> [EXERCISE DIRECTIONS] Each entry listed below should be reproduced word for word.

########

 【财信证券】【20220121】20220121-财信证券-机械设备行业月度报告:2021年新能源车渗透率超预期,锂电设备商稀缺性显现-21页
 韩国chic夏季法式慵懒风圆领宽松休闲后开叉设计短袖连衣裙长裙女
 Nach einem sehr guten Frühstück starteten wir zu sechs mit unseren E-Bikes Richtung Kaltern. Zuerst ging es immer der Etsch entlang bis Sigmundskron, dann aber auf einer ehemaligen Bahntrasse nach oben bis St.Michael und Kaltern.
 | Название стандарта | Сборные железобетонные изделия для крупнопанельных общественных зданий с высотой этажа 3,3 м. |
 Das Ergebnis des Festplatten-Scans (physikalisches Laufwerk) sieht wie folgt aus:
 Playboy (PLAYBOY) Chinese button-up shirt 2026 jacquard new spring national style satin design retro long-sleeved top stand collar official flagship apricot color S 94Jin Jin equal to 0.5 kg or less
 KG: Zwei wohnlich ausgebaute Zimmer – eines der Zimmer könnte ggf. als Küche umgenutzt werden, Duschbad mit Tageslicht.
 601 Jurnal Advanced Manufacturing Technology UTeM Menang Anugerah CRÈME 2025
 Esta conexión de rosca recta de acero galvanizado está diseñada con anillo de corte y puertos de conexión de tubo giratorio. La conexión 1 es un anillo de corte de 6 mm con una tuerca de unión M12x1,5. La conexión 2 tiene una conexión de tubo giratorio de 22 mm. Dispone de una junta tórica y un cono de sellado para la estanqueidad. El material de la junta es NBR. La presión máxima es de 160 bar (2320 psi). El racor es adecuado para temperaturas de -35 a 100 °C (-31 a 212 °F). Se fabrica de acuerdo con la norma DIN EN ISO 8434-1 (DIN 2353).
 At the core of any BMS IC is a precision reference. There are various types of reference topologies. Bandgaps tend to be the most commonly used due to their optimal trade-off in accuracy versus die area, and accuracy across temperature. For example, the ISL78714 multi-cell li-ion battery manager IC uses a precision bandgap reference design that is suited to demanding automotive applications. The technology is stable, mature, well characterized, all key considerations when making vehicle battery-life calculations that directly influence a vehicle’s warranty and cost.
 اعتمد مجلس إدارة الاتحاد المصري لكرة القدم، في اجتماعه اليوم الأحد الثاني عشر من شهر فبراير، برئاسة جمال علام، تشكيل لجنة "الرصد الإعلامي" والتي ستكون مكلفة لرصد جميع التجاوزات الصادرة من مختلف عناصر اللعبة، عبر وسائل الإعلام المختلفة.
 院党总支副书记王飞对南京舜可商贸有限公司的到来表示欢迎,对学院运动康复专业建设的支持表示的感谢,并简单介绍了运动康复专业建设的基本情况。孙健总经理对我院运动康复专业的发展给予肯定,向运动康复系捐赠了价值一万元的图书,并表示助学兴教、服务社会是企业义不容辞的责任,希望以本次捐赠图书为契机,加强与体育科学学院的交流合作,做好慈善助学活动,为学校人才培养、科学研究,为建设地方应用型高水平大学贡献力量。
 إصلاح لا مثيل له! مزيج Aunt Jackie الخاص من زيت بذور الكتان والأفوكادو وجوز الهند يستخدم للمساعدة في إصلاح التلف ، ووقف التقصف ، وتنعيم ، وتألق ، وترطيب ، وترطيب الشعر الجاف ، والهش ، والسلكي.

########

> [FINISHED EXERCISE]
 【财信证券】【20220121】20220121-财信证券-机械设备行业月度报告:2021年新能源车渗透率超预期,锂电设备商稀缺性显现-21页
 韩国chic夏季法式慵懒风圆领宽松休闲后开叉设计短袖连衣裙长裙女
 Nach einem sehr guten Frühstück starteten wir zu sechs mit unseren E-Bikes Richtung Kaltern. Zuerst ging es immer der Etsch entlang bis Sigmundskron, dann aber auf einer ehemaligen Bahntrasse nach oben bis St.Michael und Kaltern.
 | Название стандарта | Сборные железобетонные изделия для крупнопанельных общественных зданий с высотой этажа 3,3 м. |
 Das Ergebnis des Festplatten-Scans (physikalisches Laufwerk) sieht wie folgt aus:
 Playboy (PLAYBOY) Chinese button-up shirt 2026 jacquard new spring national style satin design retro long-sleeved top stand collar official flagship apricot color S 94Jin Jin equal to 0.5 kg or less
 KG: Zwei wohnlich ausgebaute Zimmer – eines der Zimmer könnte ggf. als Küche umgenutzt werden, Duschbad mit Tageslicht.
 601 Jurnal Advanced Manufacturing Technology UTeM Menang Anugerah CRÈME 2025
 Esta conexión de rosca recta de acero galvanizado está diseñada con anillo de corte y puertos de conexión de tubo giratorio. La conexión 1 es un anillo de corte de 6 mm con una tuerca de unión M12x1,5. La conexión 2 tiene una conexión de tubo giratorio de 22 mm. Dispone de una junta tórica y un cono de sellado para la estanqueidad. El material de la junta es NBR. La presión máxima es de 160 bar (2320 psi). El racor es adecuado para temperaturas de -35 a 100 °C (-31 a 212 °F). Se fabrica de acuerdo con la norma DIN EN ISO 8434-1 (DIN 2353).
 At the core of any BMS IC is a precision reference. There are various types of reference topologies. Bandgaps tend to be the most commonly used due to their optimal trade-off in accuracy versus die area, and accuracy across temperature. For example, the ISL78714 multi-cell li-ion battery manager IC uses a precision bandgap reference design that is suited to demanding automotive applications. The technology is stable, mature, well characterized, all key considerations when making vehicle battery-life calculations that directly influence a vehicle’s warranty and cost.
 اعتمد مجلس إدارة الاتحاد المصري لكرة القدم، في اجتماعه اليوم الأحد الثاني عشر من شهر فبراير، برئاسة جمال علام، تشكيل لجنة "الرصد الإعلامي" والتي ستكون مكلفة لرصد جميع التجاوزات الصادرة من مختلف عناصر اللعبة، عبر وسائل الإعلام المختلفة.
 院党总支副书记王飞对南京舜可商贸有限公司的到来表示欢迎,对学院运动康复专业建设的支持表示的感谢,并简单介绍了运动康复专业建设的基本情况。孙健总经理对我院运动康复专业的发展给予肯定,向运动康复系捐赠了价值一万元的图书,并表示助学兴教、服务社会是企业义不容辞的责任,希望以本次捐赠图书为契机,加强与体育科学学院的交流合作,做好慈善助学活动,为学校人才培养、科学研究,为建设地方应用型高水平大学贡献力量。
 إصلاح لا مثيل له! مزيج Aunt Jackie الخاص من زيت بذور الكتان والأفوكادو وجوز الهند يستخدم للمساعدة في إصلاح التلف ، ووقف التقصف ، وتنعيم ، وتألق ، وترطيب ، وترطيب الشعر الجاف ، والهش ، والسلكي.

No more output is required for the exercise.